Activity:
No pictures, no extra lines: copy exactly from the line with "神話の楽園からとられたのがエリシアって名前だったはずだぞ" through the end of the entries.

────────────────────

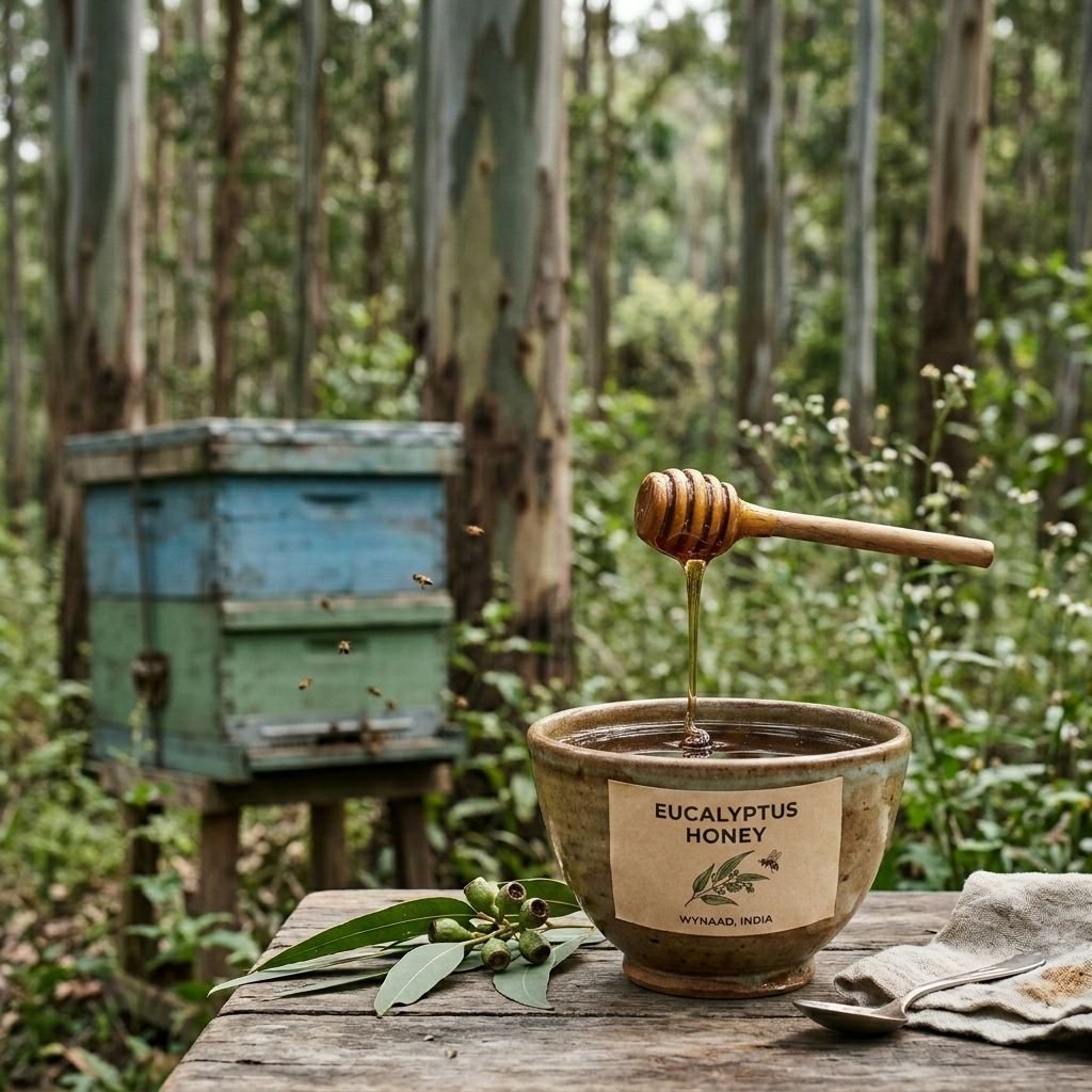 Eucalyptus Honey is made by honeybees from the nectar of the Eucalyptus tree commonly known as Nilgiri. It is aromatic, soft-textured honey which has a light amber colour with a woody warm touch. It has a medium to strong taste with moderate sweetness.
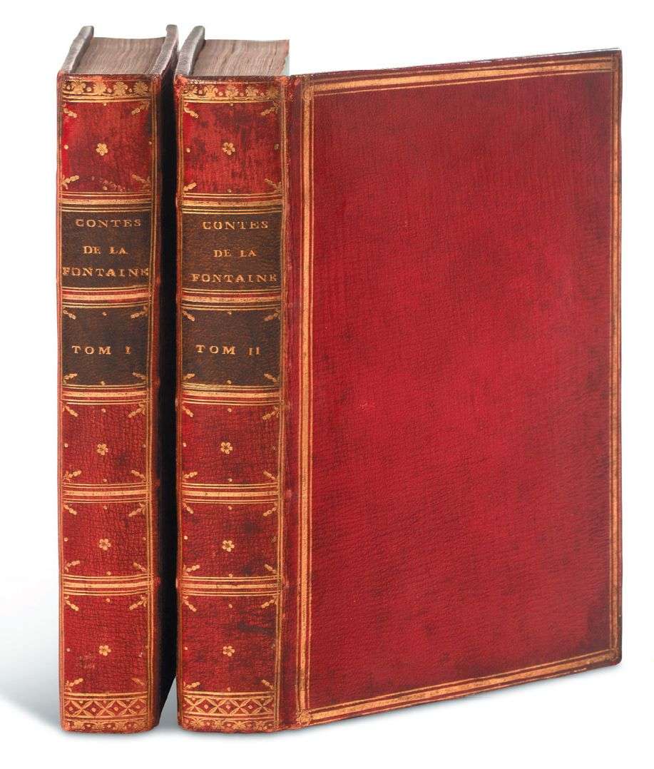 ÉDITION DITE DES «FERMIERS GÉNERAUX», ET LE CHEF-D'OEUVRE D'EISEN. Elle est ornée de 2 portraits gravés par Ficquet, celui de La Fontaine d'après Rigaud, celui d'Eisen d'après Vispré et de 80 figures hors texte par Eisen, gravées par Aliamet, Baquoy, Choffard,
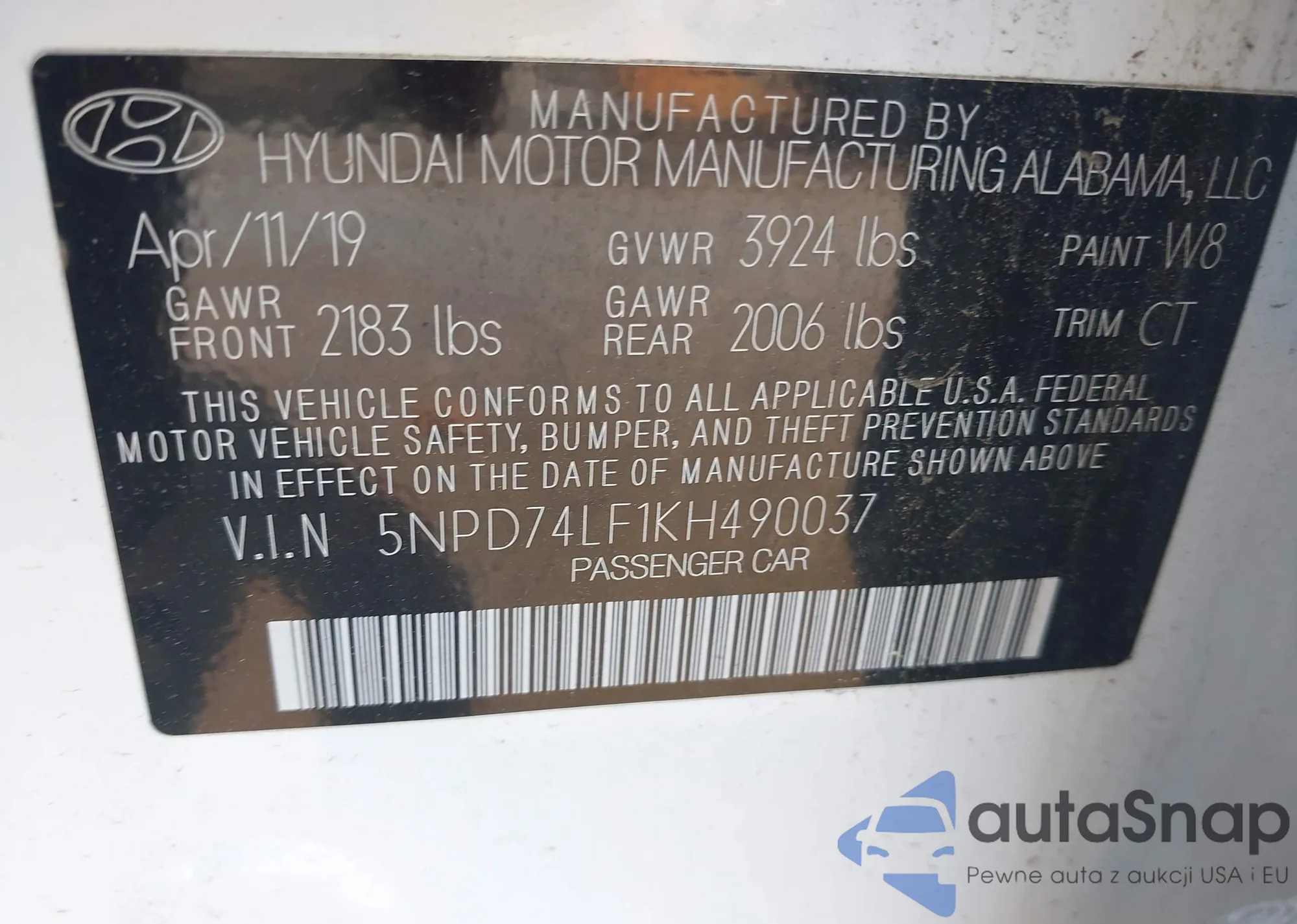 LOT: 42412812 VIN: 5NPD74LF1KH490037
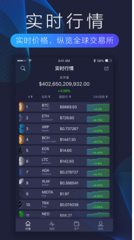 4、支持全球近2000种虚拟货币、10000多家交易所24小时实时数据;
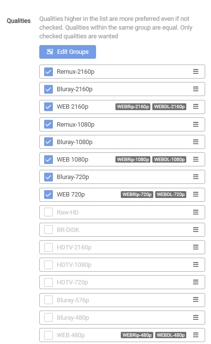 Qualities higher in the list are more preferred even if not checked. Qualities within the same group are equal. Only checked qualities are wanted.
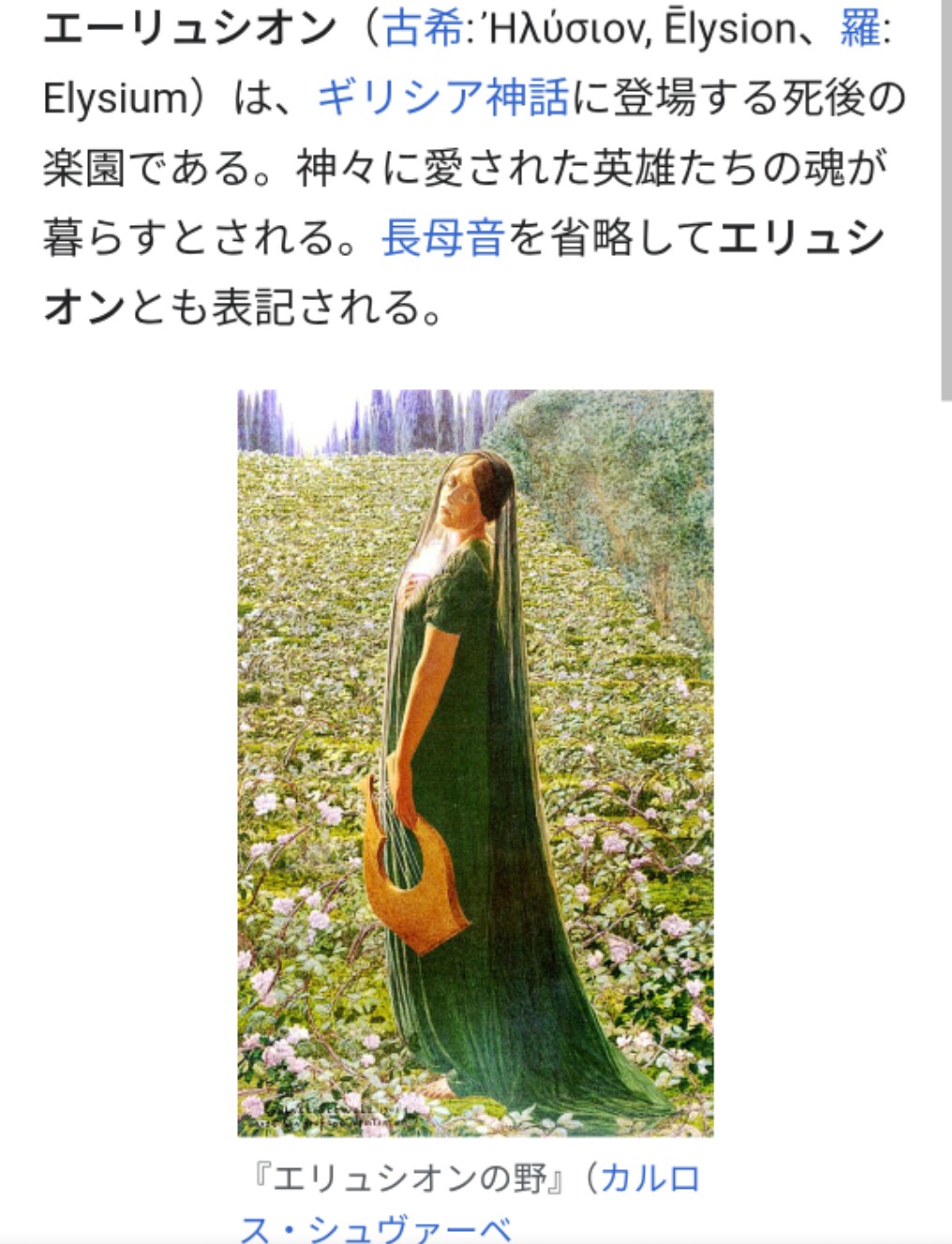 神話の楽園からとられたのがエリシアって名前だったはずだぞ
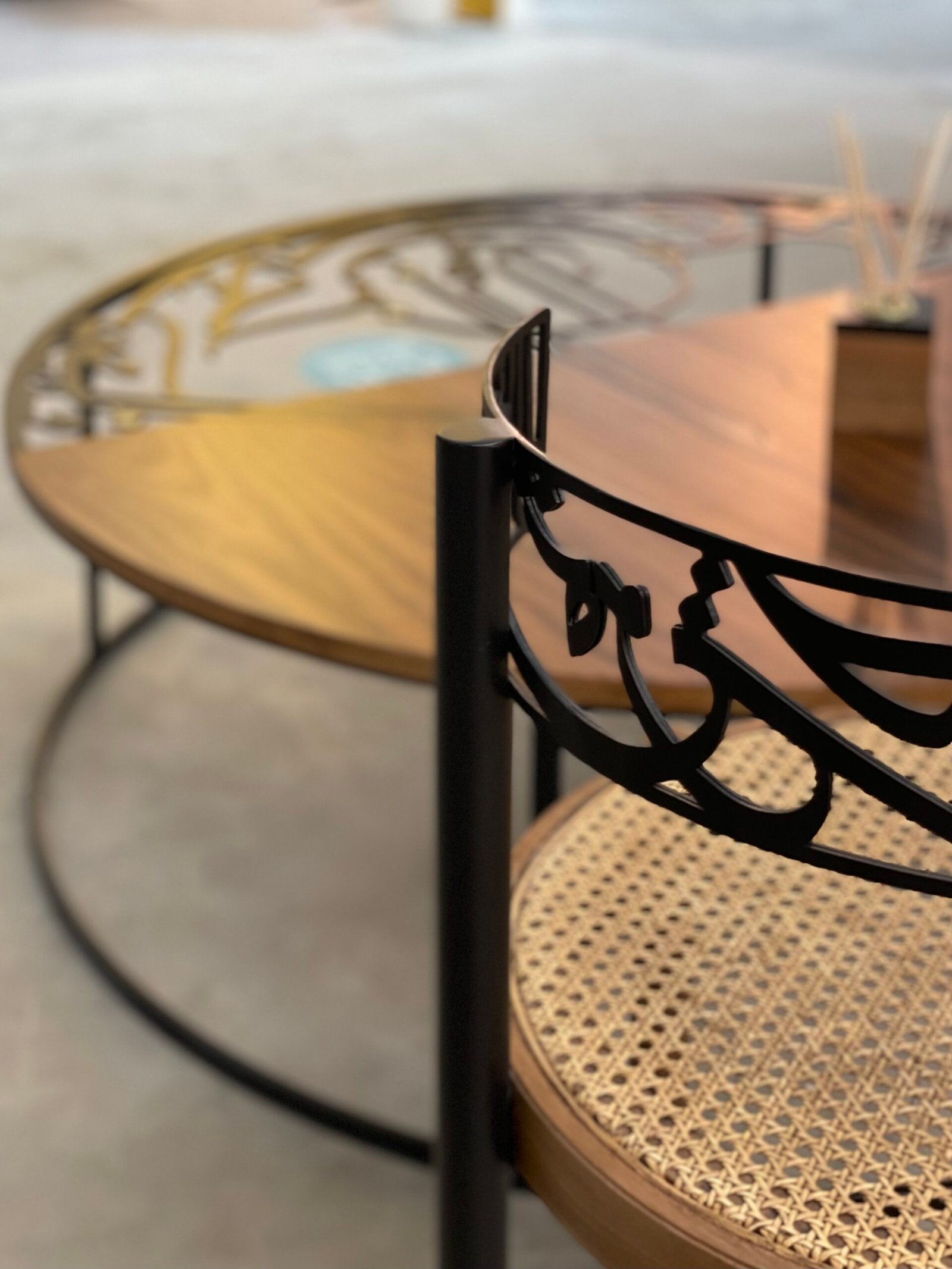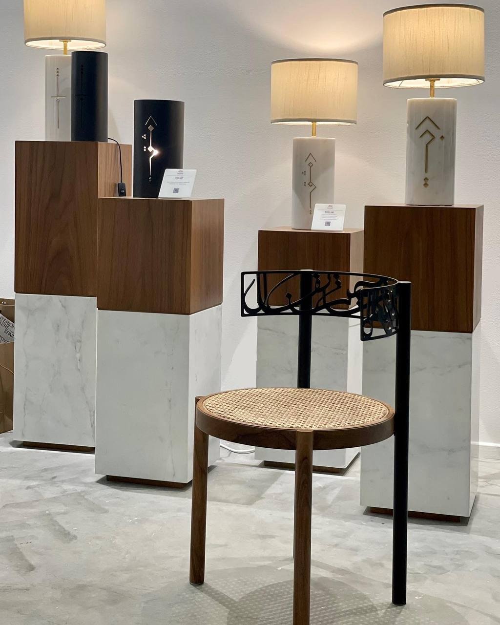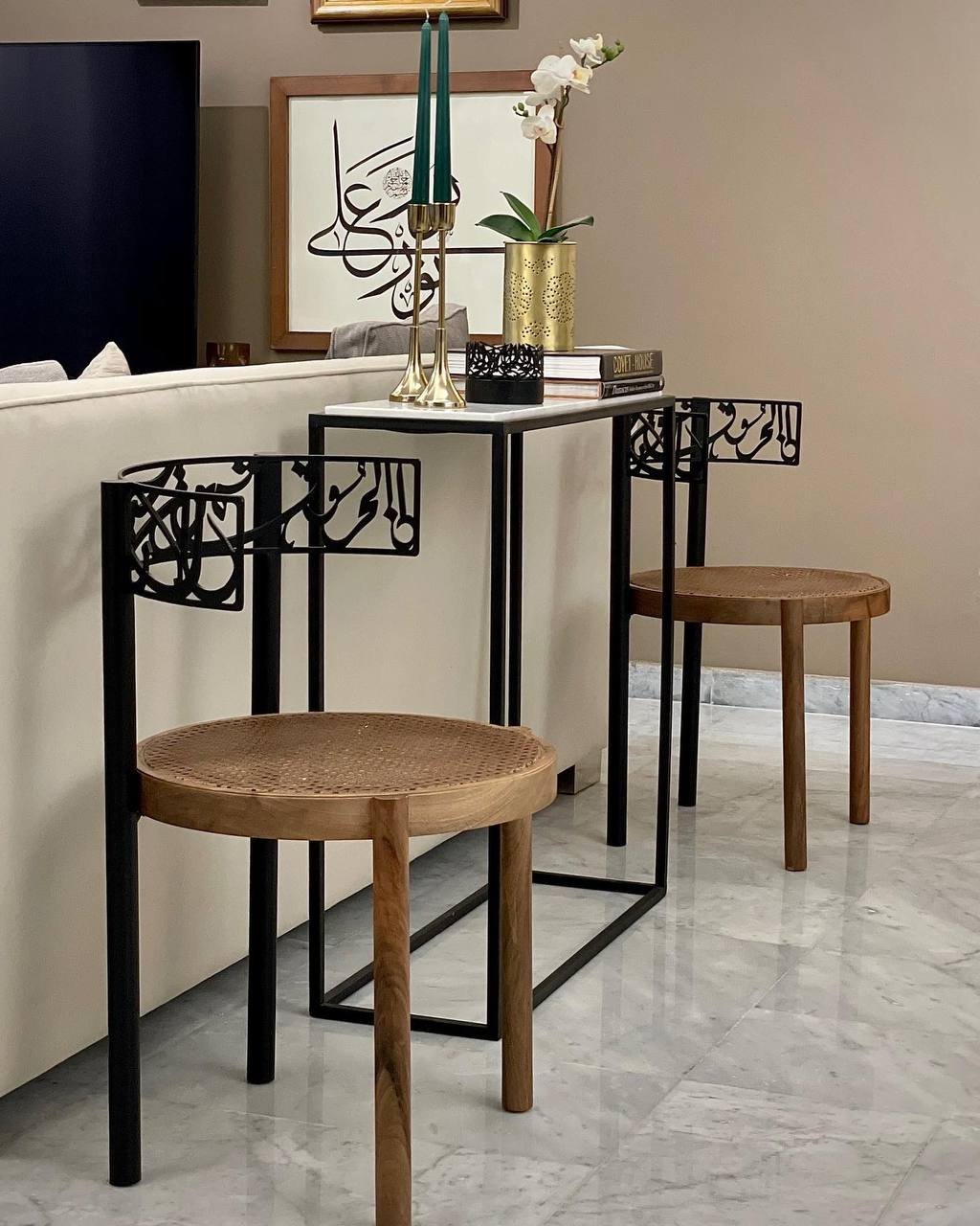 A signature accent chair that celebrates art and function. Featuring a handwoven rattan seat and a sleek wooden frame, the design is elevated by a metal backrest inspired by Arabic calligraphy. This fusion of tradition and modern design makes the chair not just seating, but a cultural statement piece. Perfect for living rooms, lounges, or as an artistic corner accent.

────────────────────

Response area:
 神話の楽園からとられたのがエリシアって名前だったはずだぞ
 A signature accent chair that celebrates art and function. Featuring a handwoven rattan seat and a sleek wooden frame, the design is elevated by a metal backrest inspired by Arabic calligraphy. This fusion of tradition and modern design makes the chair not just seating, but a cultural statement piece. Perfect for living rooms, lounges, or as an artistic corner accent.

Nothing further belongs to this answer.